“We needn’t look for the road to-night. It’s there, to the west,” I announced, rejoining my friends. “We can break camp early and get water as soon as dusk is setting in. After that we’ll go northwesterly across country, turn north on the road,” etc. I outlined the next night’s march. Our plans were very elaborate, but came to naught.
“All right,” my companions nodded assent. “Now have something to eat.” They were munching away at their rations. For a time we chatted in excellent spirits.
“There is a much better place to lie in just behind us. It looks safe enough,” suggested Tynsdale, worming his way back to us through the bushes after a short absence.
“Yes; let’s shift! I saw it, too,” seconded Kent.
So we shifted, and soon lay comfortably ensconced in the lee of some bushes. Here we were bothered by mosquitoes, for the air was still, but we felt warm, and managed to snatch some sleep during the remainder of the day.
At 8:30 P.M. we were plodding through the heather toward the lake, which glimmered at the bottom of a shallow depression. We were licking our lips in anticipation of the drink we were going to have. Two hundred yards from the shore the ground became marshy, then a quagmire. We strung out in line abreast in order to find a firm path to the water’s edge, but had to desist in the face of impossibilities.
Rain had been threatening for the last four hours, but was still holding off, when we got on to the road, and proceeded north. We had walked steadily for an hour or so. The night was pitch-dark. Black and flat swamp-land extended all round to the indistinct horizon. Here and there the lighter streaks of ditches, full of foul, stagnant water, were ruled across the black expanse. The wires of a telephone line on our right hummed in the wind.

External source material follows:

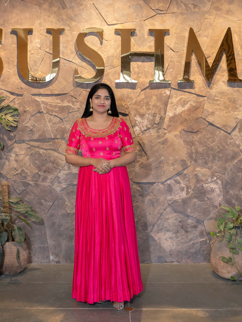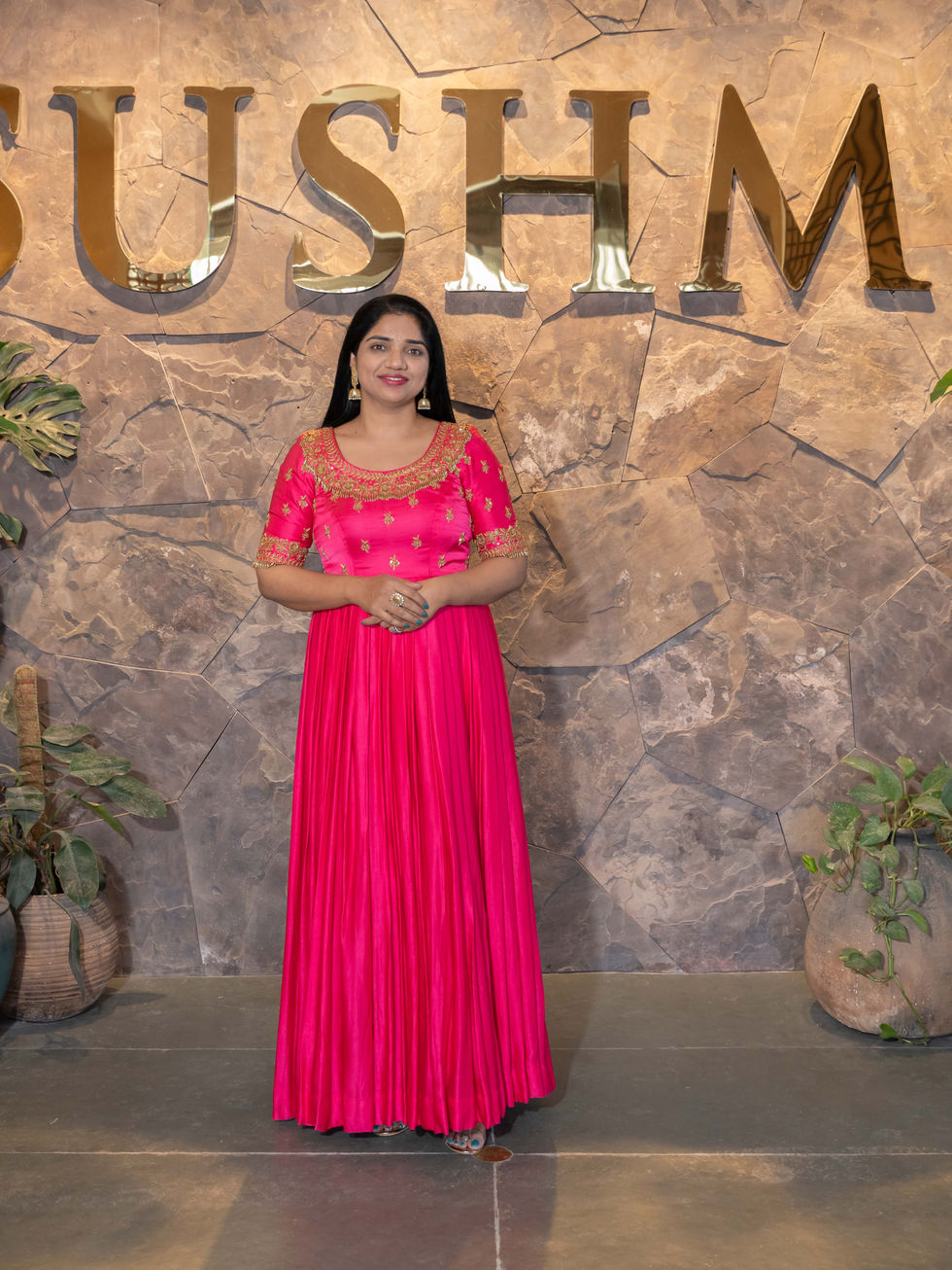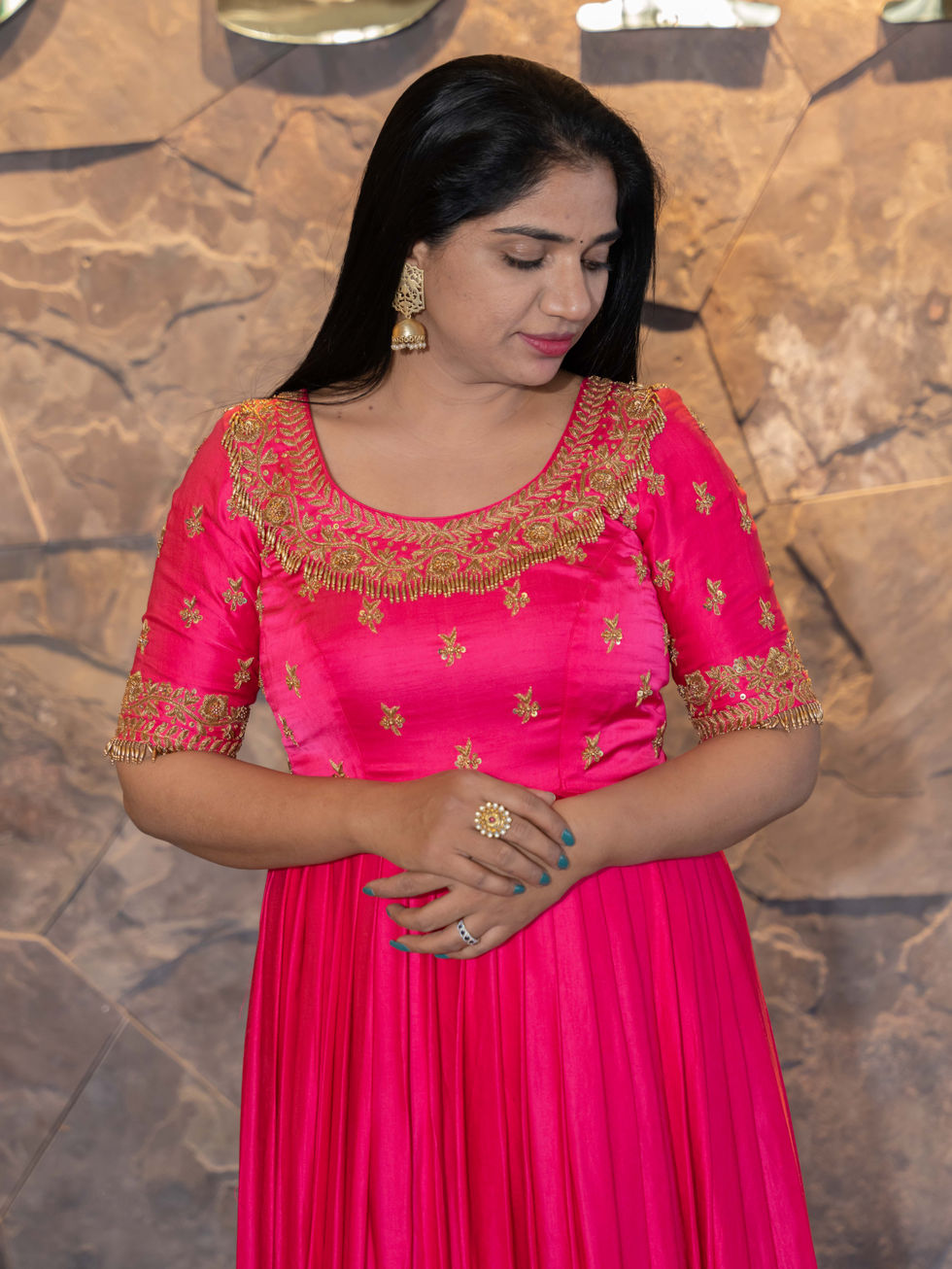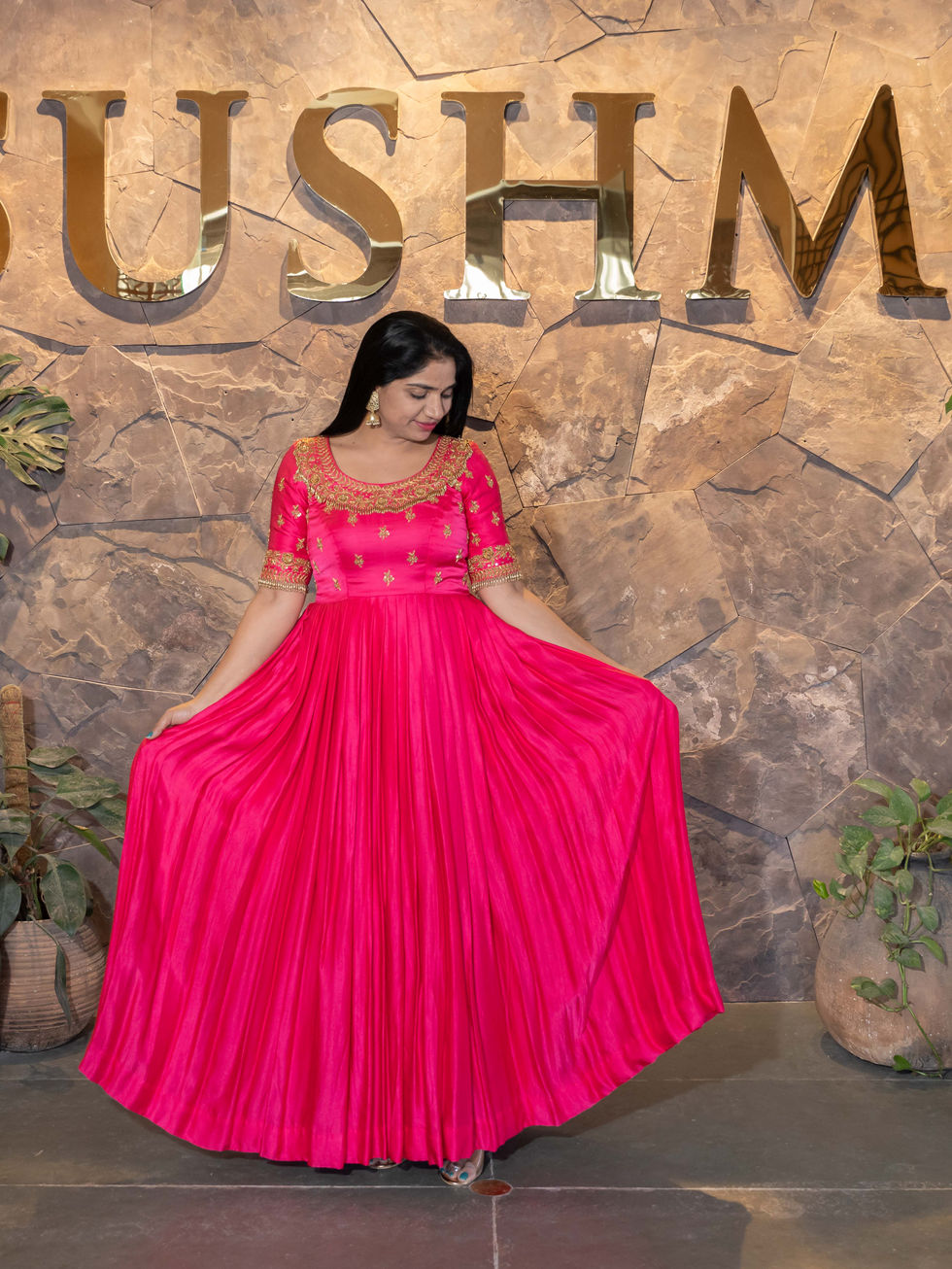 Beautiful pink long frock with heavy handwork yoke done with pleated style flair . This long frock can be paired any handloom dupattas like kalamkari kanchi , pythani , patola , ikkat etc to give a stunning sophisticated look .

We were walking as best we could—I a little in front on the right, Tynsdale on the other side of the road, Kent almost treading on my heels. The ribbon of turf underneath my feet seemed fairly broad.
A sudden splash behind me caused me to stop and whirl round. A white face at my feet heaved itself, as it seemed, out of the ground, and Kent scrambled back on to the road, squirting water from every seam.